┏━━

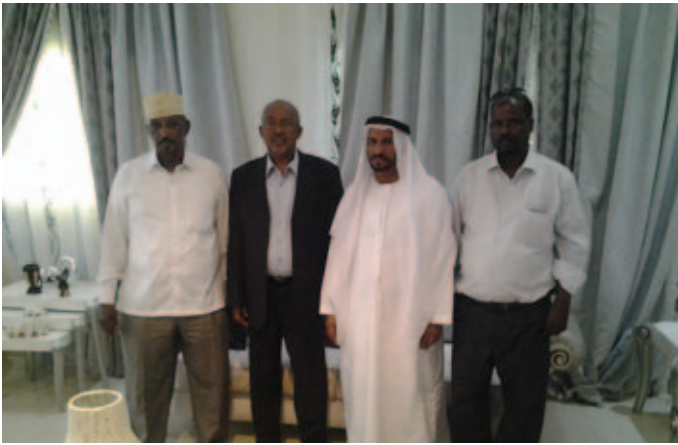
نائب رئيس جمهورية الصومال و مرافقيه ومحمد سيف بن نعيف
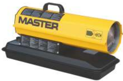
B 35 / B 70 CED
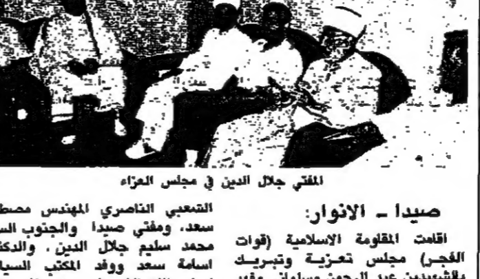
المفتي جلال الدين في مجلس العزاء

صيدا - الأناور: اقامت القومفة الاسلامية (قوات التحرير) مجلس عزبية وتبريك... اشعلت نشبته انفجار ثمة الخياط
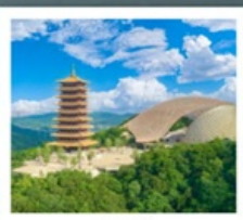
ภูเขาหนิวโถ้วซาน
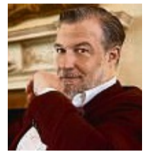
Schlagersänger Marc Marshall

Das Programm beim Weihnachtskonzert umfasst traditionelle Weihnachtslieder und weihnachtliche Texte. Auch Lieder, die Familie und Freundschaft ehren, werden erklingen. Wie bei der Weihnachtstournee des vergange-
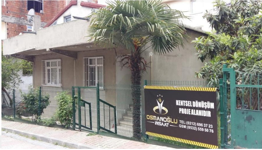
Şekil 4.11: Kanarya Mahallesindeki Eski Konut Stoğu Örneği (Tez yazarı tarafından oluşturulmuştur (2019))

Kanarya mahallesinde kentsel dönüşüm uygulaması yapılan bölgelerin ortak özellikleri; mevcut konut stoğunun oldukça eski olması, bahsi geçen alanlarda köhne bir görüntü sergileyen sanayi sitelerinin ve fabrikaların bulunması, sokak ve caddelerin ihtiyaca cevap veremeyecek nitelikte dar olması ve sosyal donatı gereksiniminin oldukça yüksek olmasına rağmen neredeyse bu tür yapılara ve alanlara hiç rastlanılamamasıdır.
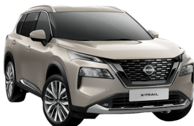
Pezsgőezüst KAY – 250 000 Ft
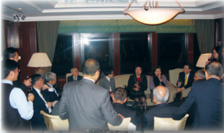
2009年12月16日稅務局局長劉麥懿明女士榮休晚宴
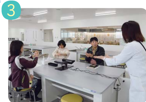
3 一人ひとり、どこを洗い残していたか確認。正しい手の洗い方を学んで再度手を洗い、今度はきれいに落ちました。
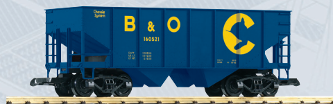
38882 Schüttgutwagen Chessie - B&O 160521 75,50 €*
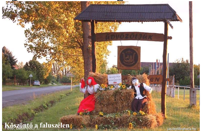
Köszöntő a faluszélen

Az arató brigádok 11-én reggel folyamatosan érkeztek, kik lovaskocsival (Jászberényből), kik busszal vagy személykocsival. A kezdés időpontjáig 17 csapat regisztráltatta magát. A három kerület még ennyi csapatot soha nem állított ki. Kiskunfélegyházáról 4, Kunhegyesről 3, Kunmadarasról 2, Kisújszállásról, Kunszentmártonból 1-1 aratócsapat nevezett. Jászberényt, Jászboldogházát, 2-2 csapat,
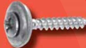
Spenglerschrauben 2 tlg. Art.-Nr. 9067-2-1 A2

┗━━

- [Exercise]: Retype the line containing "2009年12月16日稅務局局長劉麥懿明女士榮休晚宴" and all lines after it through the end of the material, exactly and only those, leaving out pictures.

- [Written response]:
2009年12月16日稅務局局長劉麥懿明女士榮休晚宴
3 一人ひとり、どこを洗い残していたか確認。正しい手の洗い方を学んで再度手を洗い、今度はきれいに落ちました。
38882 Schüttgutwagen Chessie - B&O 160521 75,50 €*
Köszöntő a faluszélen

Az arató brigádok 11-én reggel folyamatosan érkeztek, kik lovaskocsival (Jászberényből), kik busszal vagy személykocsival. A kezdés időpontjáig 17 csapat regisztráltatta magát. A három kerület még ennyi csapatot soha nem állított ki. Kiskunfélegyházáról 4, Kunhegyesről 3, Kunmadarasról 2, Kisújszállásról, Kunszentmártonból 1-1 aratócsapat nevezett. Jászberényt, Jászboldogházát, 2-2 csapat,
Spenglerschrauben 2 tlg. Art.-Nr. 9067-2-1 A2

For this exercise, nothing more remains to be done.